Stability and Sensitivity Analysis of Relative Temporal-Difference Learning: Extended Version
Provides theoretical stability guarantees for relative TD learning with function approximation, addressing a known bottleneck in TD methods for near-discount factors.
Relative TD learning with linear function approximation is analyzed, establishing stability conditions and showing that with an empirical baseline distribution, the algorithm is stable for any non-negative baseline weight and discount factor. Asymptotic bias and covariance remain uniformly bounded as the discount factor approaches one.
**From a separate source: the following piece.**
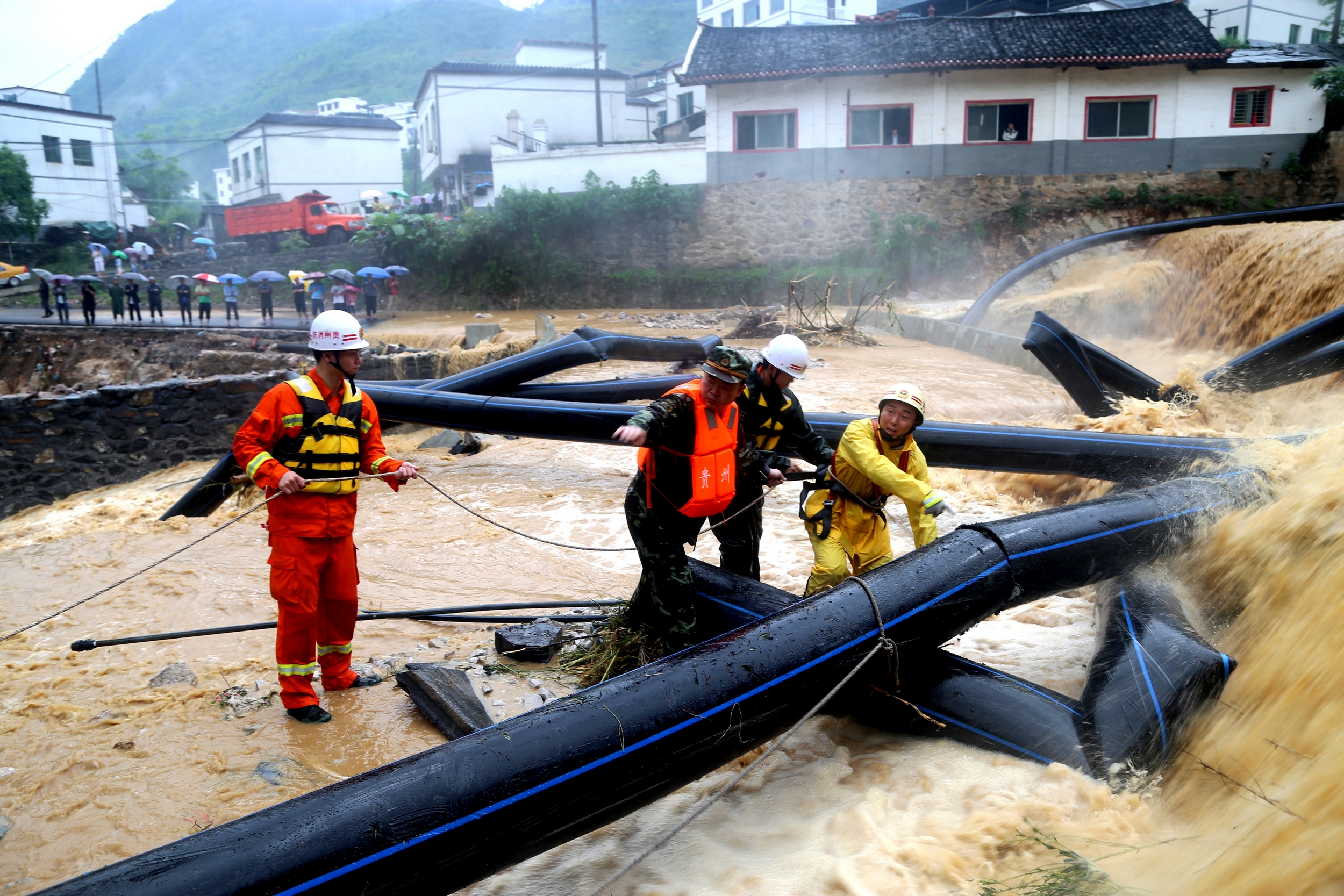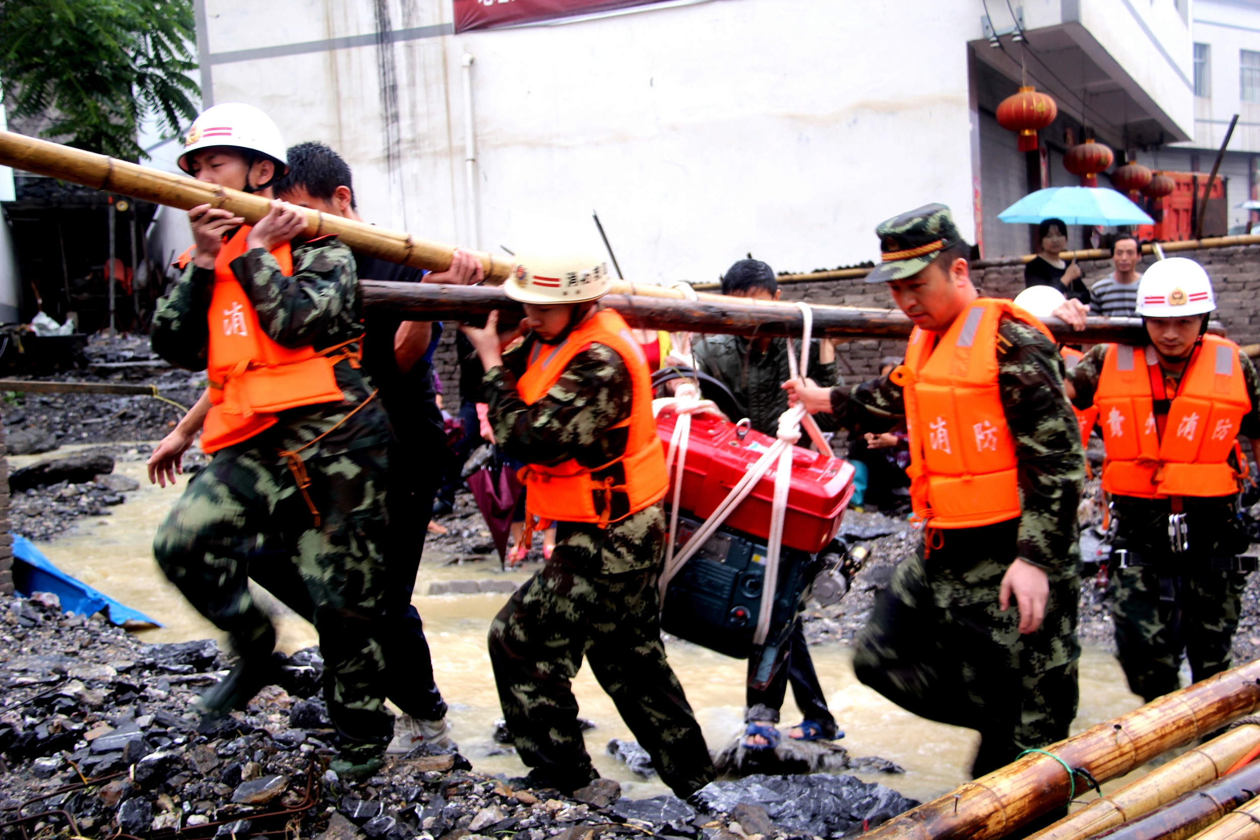 此外,山洪还袭击了电站,发电机厂房全部进水,无法正常启动,如不及时泄洪,上游乡镇和村庄将有被洪水吞噬的危险,在相关部门的多方努力下,消防官兵利用肩扛,将发电机抬至路况良好的地带,方便供电部门架接线路,利用发电机将电站阀门开启泄洪,截止下午17时,电站阀门成功开启,道路清理全面恢复通车。

Relative temporal-difference (TD) learning was introduced to mitigate the slow convergence of TD methods when the discount factor approaches one by subtracting a baseline from the temporal-difference update. While this idea has been studied in the tabular setting, stability guarantees with function approximation remain poorly understood. This paper analyzes relative TD learning with linear function approximation. We establish stability conditions for the algorithm and show that the choice of baseline distribution plays a central role. In particular, when the baseline is chosen as the empirical distribution of the state-action process, the algorithm is stable for any non-negative baseline weight and any discount factor. We also provide a sensitivity analysis of the resulting parameter estimates, characterizing both asymptotic bias and covariance. The asymptotic covariance and asymptotic bias are shown to remain uniformly bounded as the discount factor approaches one.